▶

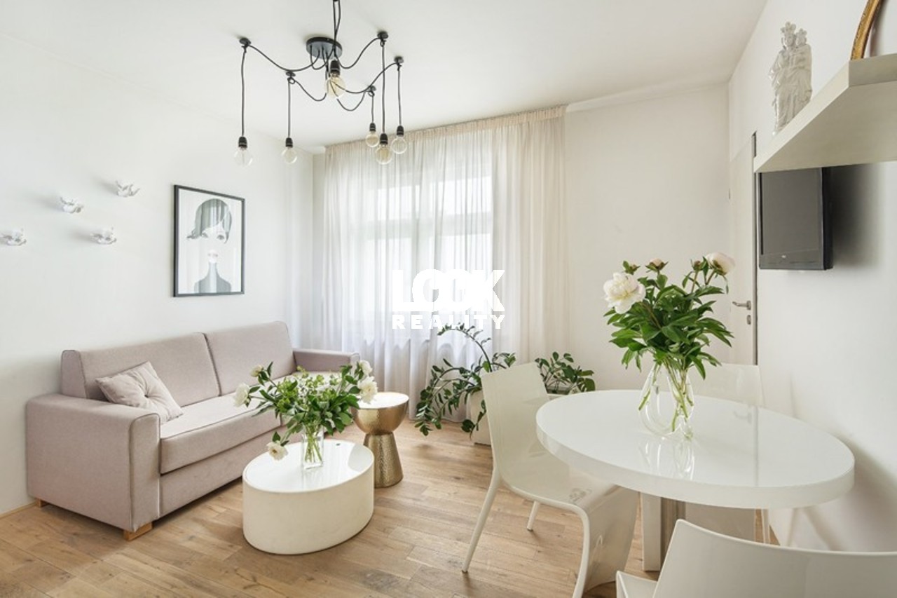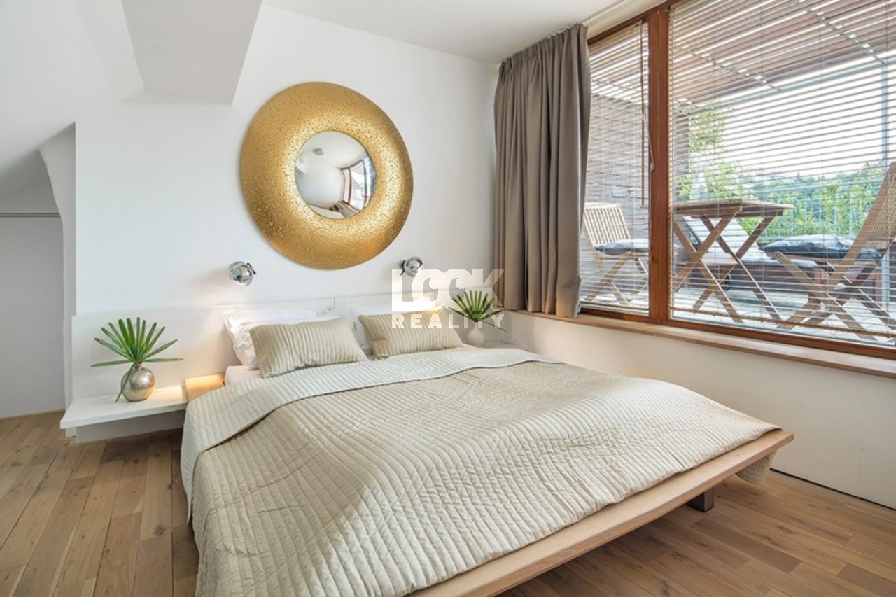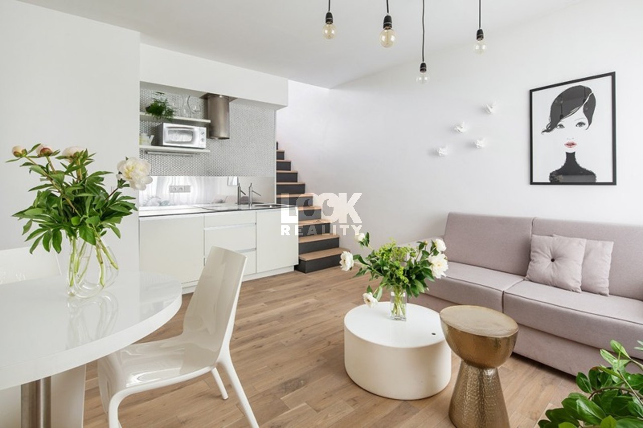 Luxurious bright duplex apartment with a terrace near the metro station Andel. We offer for rent a luxury duplex 2+kk with a size of 55 m2, which is located on the 5th floor of a building with an elevator (only to the 3rd floor) in Holeckova street. The apartment is rented fully furnished and consists of: ground floor - a fully equipped kitchen with a dishwasher, a bathroom, a dressing room and a living area, first floor - there is a bedroom with an entrance to the terrace. In the bathroom there is a shower and a toilet. The apartment has air conditioning. TV/SAT/WIFI. Internet is available, cleaning once a week. There is also a reception desk. Possibility of rent a garage for a fee. Not far away is the lookout tower Petrin, the Kinsky garden, nice places for a walk and relax. Complete civic amenities in the vicinity: restaurant, post office, medical facility, shopping center Novy Smichov. Nearby is the tram stop U Zvonu, the Andel metro station is about a 5-minute drive away. Pleasant living. We recommend. Possibility of short-term rental. The price for short term rental could be changed. Available from 2. 01. 2026.
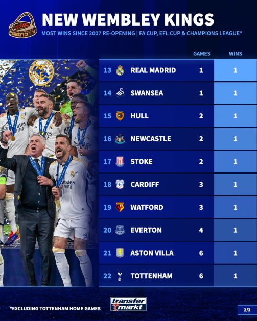 接下来这个跨度有点大,从皇马直接跳到斯旺西和赫尔城,但这三类情况确实能放一块说:这三家都是在温布利赢过一次。皇马是2024年欧冠决赛赢的。
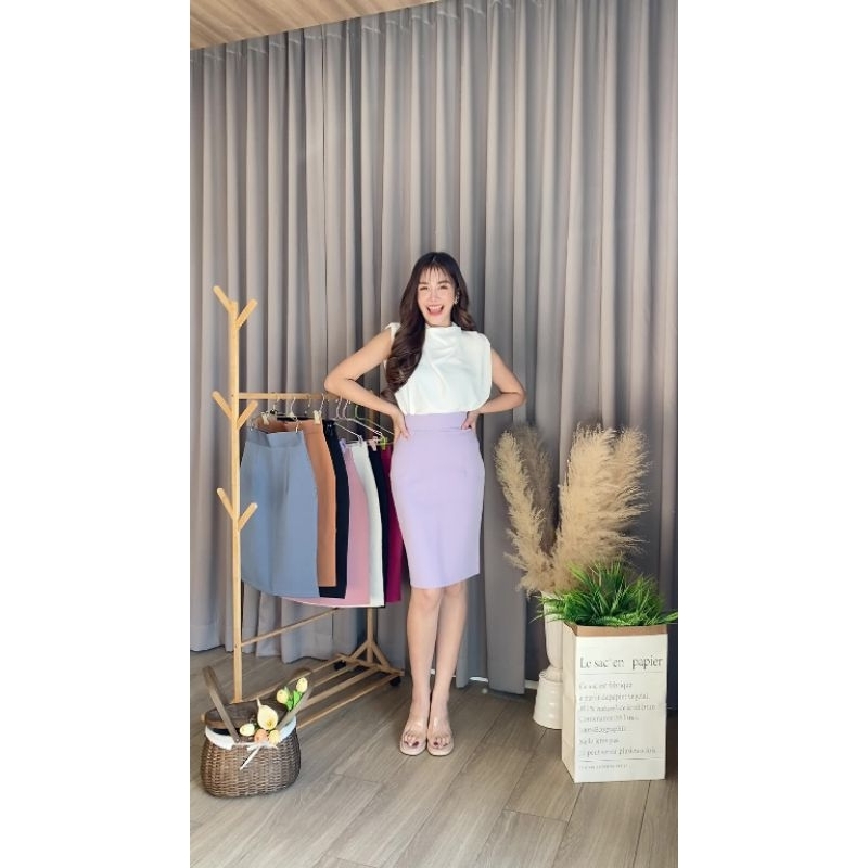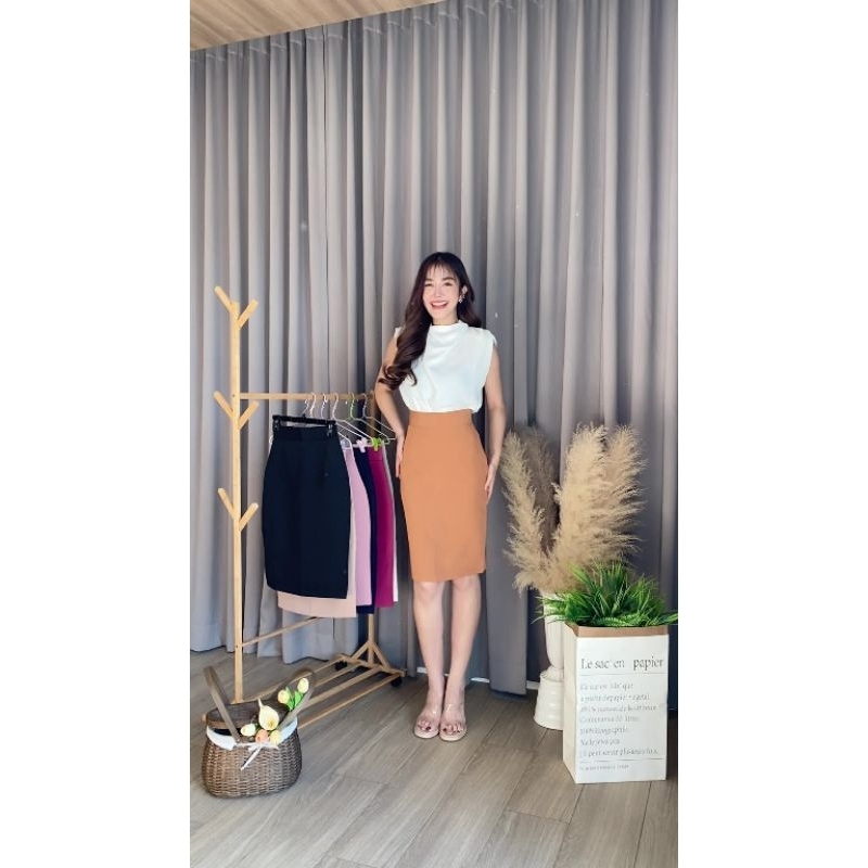 🧡กระโปรงทรงสอบ "ผ่าหลัง" เอวสูง ผ้าดี ทรงสวย หุ่นดูเพรียว
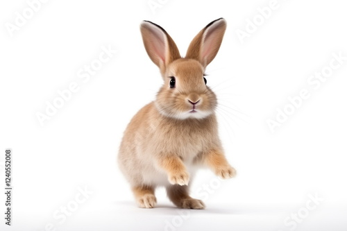 © Neira, Fototapeta premium Cute red easter bunny jumping isolated on white background.

◀

— TASK OBJECTIVE —
Without any pictures, repeat the listing exactly.

— RESPONSE —
 Luxurious bright duplex apartment with a terrace near the metro station Andel. We offer for rent a luxury duplex 2+kk with a size of 55 m2, which is located on the 5th floor of a building with an elevator (only to the 3rd floor) in Holeckova street. The apartment is rented fully furnished and consists of: ground floor - a fully equipped kitchen with a dishwasher, a bathroom, a dressing room and a living area, first floor - there is a bedroom with an entrance to the terrace. In the bathroom there is a shower and a toilet. The apartment has air conditioning. TV/SAT/WIFI. Internet is available, cleaning once a week. There is also a reception desk. Possibility of rent a garage for a fee. Not far away is the lookout tower Petrin, the Kinsky garden, nice places for a walk and relax. Complete civic amenities in the vicinity: restaurant, post office, medical facility, shopping center Novy Smichov. Nearby is the tram stop U Zvonu, the Andel metro station is about a 5-minute drive away. Pleasant living. We recommend. Possibility of short-term rental. The price for short term rental could be changed. Available from 2. 01. 2026.
 接下来这个跨度有点大,从皇马直接跳到斯旺西和赫尔城,但这三类情况确实能放一块说:这三家都是在温布利赢过一次。皇马是2024年欧冠决赛赢的。
 🧡กระโปรงทรงสอบ "ผ่าหลัง" เอวสูง ผ้าดี ทรงสวย หุ่นดูเพรียว
 © Neira, Fototapeta premium Cute red easter bunny jumping isolated on white background.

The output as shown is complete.